Task brief ▸ Only the lines of the data below from the one with "- πινακίδα ονοματοθεσίας" through the one with "Fall Into Health: Childhood" are wanted. Repeat them exactly.

Data supplied ▸

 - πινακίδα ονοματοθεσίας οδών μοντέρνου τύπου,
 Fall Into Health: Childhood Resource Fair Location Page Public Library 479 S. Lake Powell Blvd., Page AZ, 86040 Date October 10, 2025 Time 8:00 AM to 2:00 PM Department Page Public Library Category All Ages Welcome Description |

--

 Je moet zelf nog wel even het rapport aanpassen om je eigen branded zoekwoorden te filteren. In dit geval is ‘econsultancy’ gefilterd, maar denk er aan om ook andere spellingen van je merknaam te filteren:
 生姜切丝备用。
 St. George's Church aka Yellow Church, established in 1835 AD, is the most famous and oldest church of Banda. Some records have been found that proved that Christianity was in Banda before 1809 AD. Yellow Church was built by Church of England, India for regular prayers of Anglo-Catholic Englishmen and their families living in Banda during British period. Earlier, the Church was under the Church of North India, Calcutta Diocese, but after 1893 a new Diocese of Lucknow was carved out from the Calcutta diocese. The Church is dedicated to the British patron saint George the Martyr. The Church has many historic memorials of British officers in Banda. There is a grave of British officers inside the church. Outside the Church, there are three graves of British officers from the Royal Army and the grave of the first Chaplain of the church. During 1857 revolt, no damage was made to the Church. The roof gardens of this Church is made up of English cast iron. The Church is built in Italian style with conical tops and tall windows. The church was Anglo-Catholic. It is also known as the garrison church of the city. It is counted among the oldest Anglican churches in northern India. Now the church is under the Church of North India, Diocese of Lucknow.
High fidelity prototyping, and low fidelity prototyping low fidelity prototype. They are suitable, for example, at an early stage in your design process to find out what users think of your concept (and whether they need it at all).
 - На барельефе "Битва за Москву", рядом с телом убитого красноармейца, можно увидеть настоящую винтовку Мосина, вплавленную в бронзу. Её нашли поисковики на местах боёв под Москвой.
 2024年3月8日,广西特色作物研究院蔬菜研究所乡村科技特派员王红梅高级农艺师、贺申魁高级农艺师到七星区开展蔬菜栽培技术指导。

Task result ▸
 - πινακίδα ονοματοθεσίας οδών μοντέρνου τύπου,
 Fall Into Health: Childhood Resource Fair Location Page Public Library 479 S. Lake Powell Blvd., Page AZ, 86040 Date October 10, 2025 Time 8:00 AM to 2:00 PM Department Page Public Library Category All Ages Welcome Description |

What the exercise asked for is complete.